Investment firms executing (or arranging for the execution of) trades on behalf of clients must take all reasonable steps to obtain the best possible result for their clients when executing orders (known as “best execution”). Firms will already have policies in place to ensure that they can meet this obligation. However, MiFID II (the Markets in Financial Instruments Directive, 2014/65/EU) will impose a number of new and enhanced obligations on firms when it comes into force in January 2018.
What are the changes?
MiFID II builds upon the existing requirements in MiFID I in a number of ways, including:
- Firms are expressly required to explain their execution policies in sufficient detail to allow clients easily to understand how orders will be executed;
- Requiring firms to disclose the top five execution venues used;
- Disclose on at least an annual basis the quality of execution;
- Prohibiting the use of payments for order flow; and
- Upgrading the obligation to achieve the best result from an obligation to use “all reasonable steps” to a requirement to take “all sufficient steps”.
As part of its consultation process in 2014 for the implementation of MiFID II, ESMA expressed frustration at the perceived failure of the best execution regime set out in MiFID I to help investors differentiate between services provided by investment firms.

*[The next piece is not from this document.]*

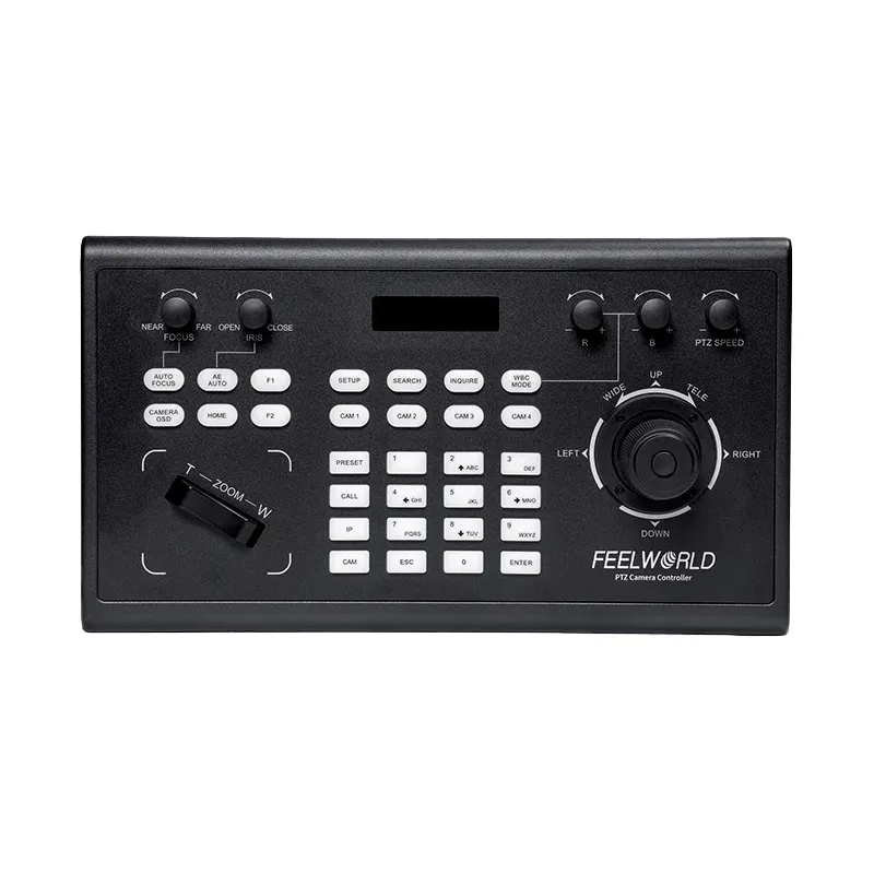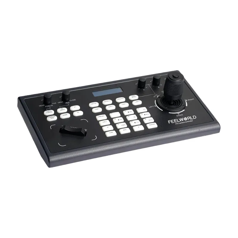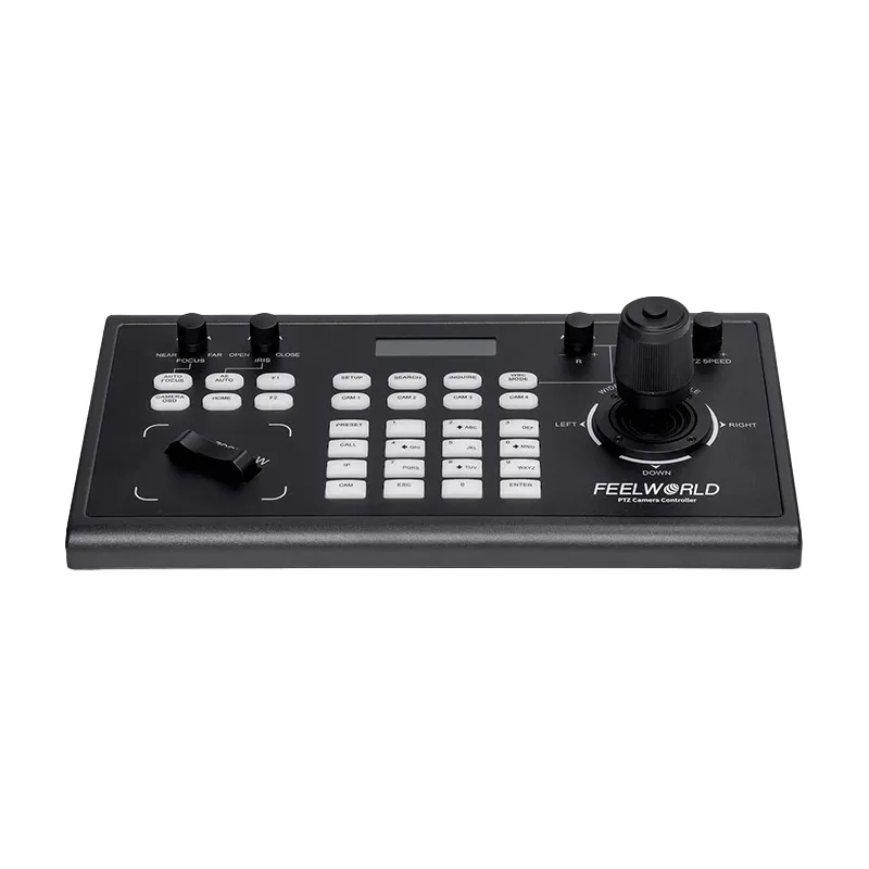 The KBC10 PTZ Camera Controller with Joystick from FeelWorld is compatible with any PTZ camera that uses the ONVIF, IP VISCA, VISCA, and Pelco-D/P serial protocols. It can be set up over Ethernet, RS-232 DB-9, and RS-422 5-pin terminal ports to control up to 255 cameras. It can control cameras over twisted-pair cable from up to 1200 meters away.

ESMA’s technical advice, published in December 2014, therefore included a number of provisions seeking to clarify, but also tighten up on, equivalent provisions in MiFID I and its implementing directive. This has been confirmed in the draft implementing regulations for MiFID II that were published by the European Commission in late April2016.
Will MiFID II significantly change existing regulation of best execution in the UK?

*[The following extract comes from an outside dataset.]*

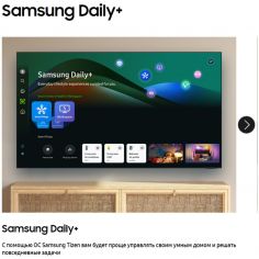 Получите еще больше удовольствия от просмотра ТВ с помощью новейших приложений и сервисов в телевизорах с ОС Samsung Tizen. Вы можете управлять своими повседневными делами с помощью функции Daily+, а также контролировать состояние ваших смарт-устройств с экрана телевизора с помощью приложения SmartThings.

The best execution requirements in MiFID II represent a significant step-up from the obligations that firms were under when the original Directive took effect in 2007. Certainly UK firms will need to look carefully at their policies and procedures to ensure that they are updated to comply with these more stringent requirements.
However, it is worth remembering that the FSA (the predecessor conduct regulator to the FCA) had already made it clear to firms that it expected them to go above and beyond what was required by the letter of MiFID I. In January 2009, the FSA, published a report on wholesale firms’ implementation of MiFID I which was critical of their efforts on execution best execution, expressing concern that firms were doing little more than reciting the rules in policies that were high level and vague.
Furthermore, UK firms had already been warned not to engage in accepting payments for order flows in FSA guidance that was adopted in 2012.
Nonetheless, there are still a number of changes that will require even the most compliant of firms to look again at their policies and procedures. The obligation to publish details of the five top executionvenues may give rise to concerns amongst brokers that they are having to reveal trade secrets and give more information to clients than they would be comfortable doing. Similarly, the requirement for providing clear and detailed execution policies that can be “easily understood by clients” may result in longer and more specific documents being produced. Greater care will also need to be taken to consider whether policies need to be revisited following changes within the firm (whilst this obligation is not new, as with much in MiFID II, it is expected to be more rigorously applied).